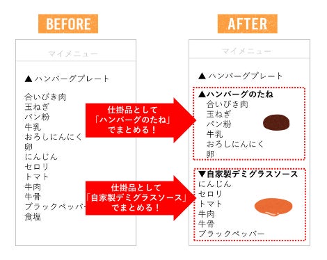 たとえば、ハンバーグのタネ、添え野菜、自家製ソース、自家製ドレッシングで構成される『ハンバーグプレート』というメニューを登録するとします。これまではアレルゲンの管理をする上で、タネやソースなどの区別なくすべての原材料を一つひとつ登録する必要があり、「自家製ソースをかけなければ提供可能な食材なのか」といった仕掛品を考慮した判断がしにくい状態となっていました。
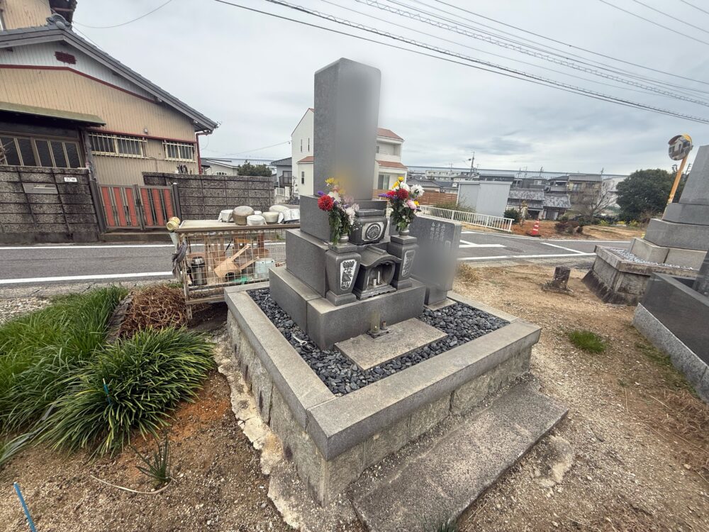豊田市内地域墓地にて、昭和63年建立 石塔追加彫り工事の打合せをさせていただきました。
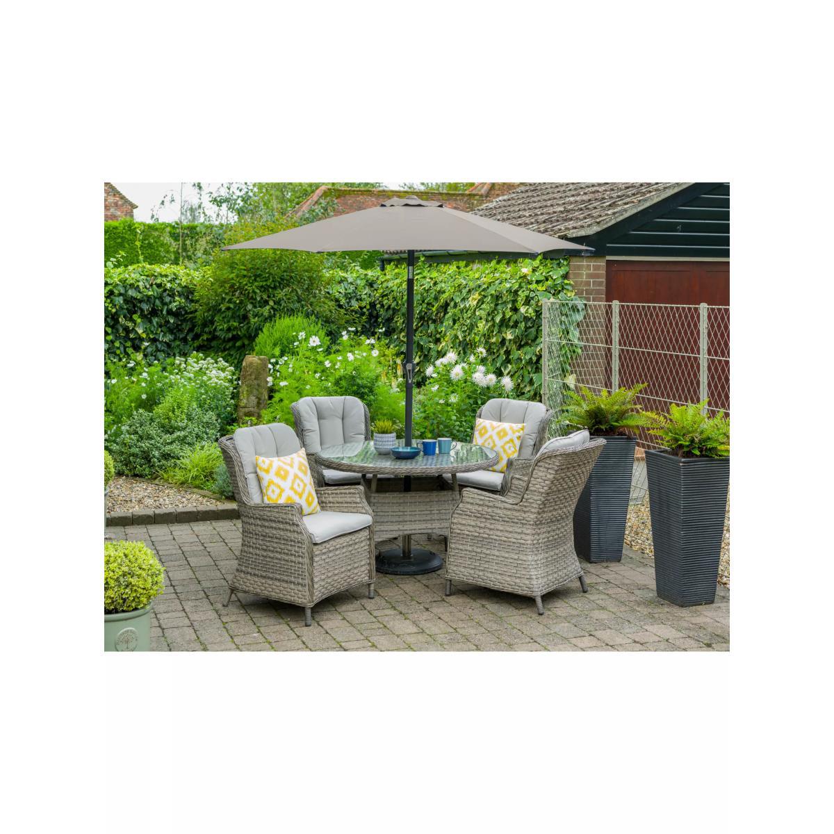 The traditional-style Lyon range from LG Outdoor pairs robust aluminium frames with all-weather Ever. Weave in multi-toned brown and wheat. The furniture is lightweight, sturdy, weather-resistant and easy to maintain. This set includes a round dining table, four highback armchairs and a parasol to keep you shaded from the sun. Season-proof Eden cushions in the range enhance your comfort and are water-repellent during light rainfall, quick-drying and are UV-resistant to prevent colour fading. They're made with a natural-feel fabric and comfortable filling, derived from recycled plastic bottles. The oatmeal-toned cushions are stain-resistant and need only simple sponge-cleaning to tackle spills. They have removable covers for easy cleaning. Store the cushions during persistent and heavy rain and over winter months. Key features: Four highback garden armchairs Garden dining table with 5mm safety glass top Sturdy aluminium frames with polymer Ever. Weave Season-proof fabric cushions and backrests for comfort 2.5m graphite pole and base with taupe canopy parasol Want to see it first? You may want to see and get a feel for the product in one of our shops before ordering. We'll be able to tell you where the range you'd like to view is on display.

* * *

Beginning with the line that contains "豊田市内地域墓地にて、昭和6" and ending with the last line of the data above, output those lines exactly and nothing more, without any pictures.

Response
豊田市内地域墓地にて、昭和63年建立 石塔追加彫り工事の打合せをさせていただきました。
 The traditional-style Lyon range from LG Outdoor pairs robust aluminium frames with all-weather Ever. Weave in multi-toned brown and wheat. The furniture is lightweight, sturdy, weather-resistant and easy to maintain. This set includes a round dining table, four highback armchairs and a parasol to keep you shaded from the sun. Season-proof Eden cushions in the range enhance your comfort and are water-repellent during light rainfall, quick-drying and are UV-resistant to prevent colour fading. They're made with a natural-feel fabric and comfortable filling, derived from recycled plastic bottles. The oatmeal-toned cushions are stain-resistant and need only simple sponge-cleaning to tackle spills. They have removable covers for easy cleaning. Store the cushions during persistent and heavy rain and over winter months. Key features: Four highback garden armchairs Garden dining table with 5mm safety glass top Sturdy aluminium frames with polymer Ever. Weave Season-proof fabric cushions and backrests for comfort 2.5m graphite pole and base with taupe canopy parasol Want to see it first? You may want to see and get a feel for the product in one of our shops before ordering. We'll be able to tell you where the range you'd like to view is on display.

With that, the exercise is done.